____ Data extract
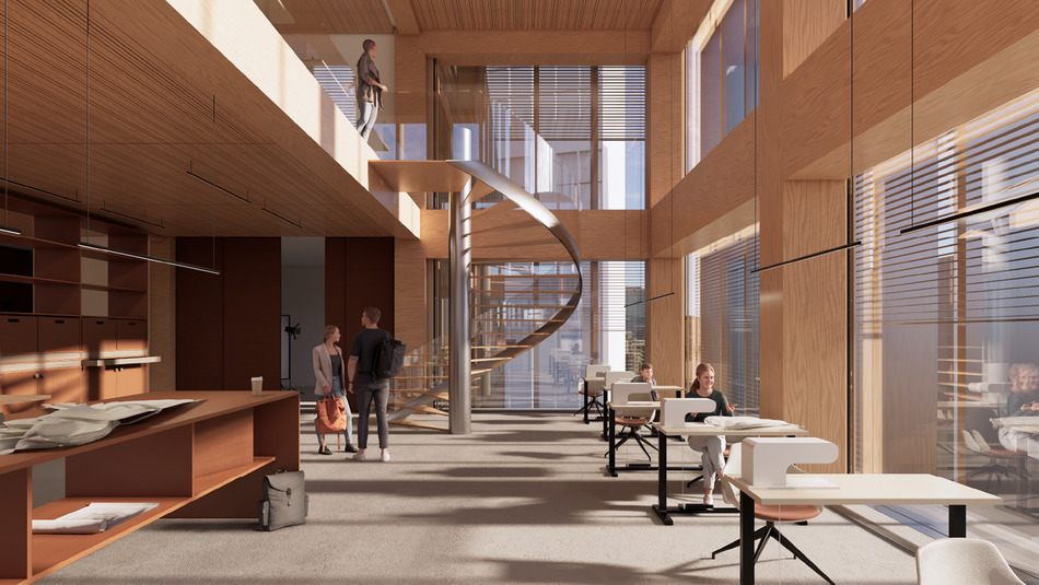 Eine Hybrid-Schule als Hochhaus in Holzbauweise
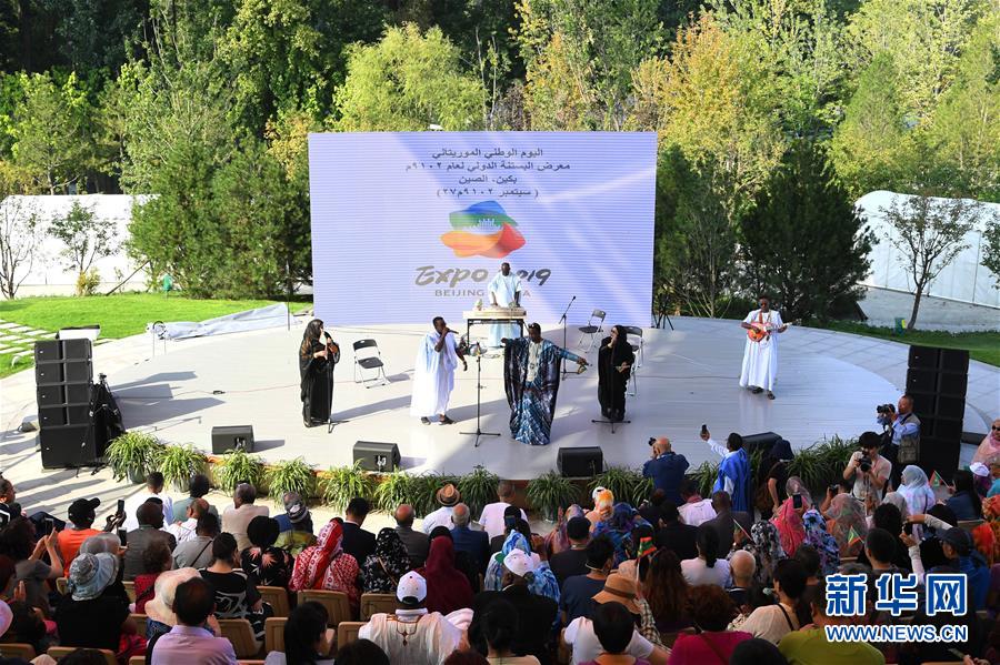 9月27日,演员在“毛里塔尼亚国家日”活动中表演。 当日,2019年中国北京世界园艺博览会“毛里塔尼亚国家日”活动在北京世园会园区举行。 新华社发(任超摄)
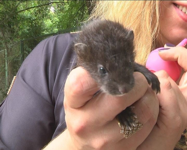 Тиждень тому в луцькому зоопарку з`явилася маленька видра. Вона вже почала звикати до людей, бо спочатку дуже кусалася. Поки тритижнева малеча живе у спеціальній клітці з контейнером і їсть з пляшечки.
________
Problem:
Return the listing above word for word, with the pictures removed.

Written response:
 Eine Hybrid-Schule als Hochhaus in Holzbauweise
 9月27日,演员在“毛里塔尼亚国家日”活动中表演。 当日,2019年中国北京世界园艺博览会“毛里塔尼亚国家日”活动在北京世园会园区举行。 新华社发(任超摄)
 Тиждень тому в луцькому зоопарку з`явилася маленька видра. Вона вже почала звикати до людей, бо спочатку дуже кусалася. Поки тритижнева малеча живе у спеціальній клітці з контейнером і їсть з пляшечки.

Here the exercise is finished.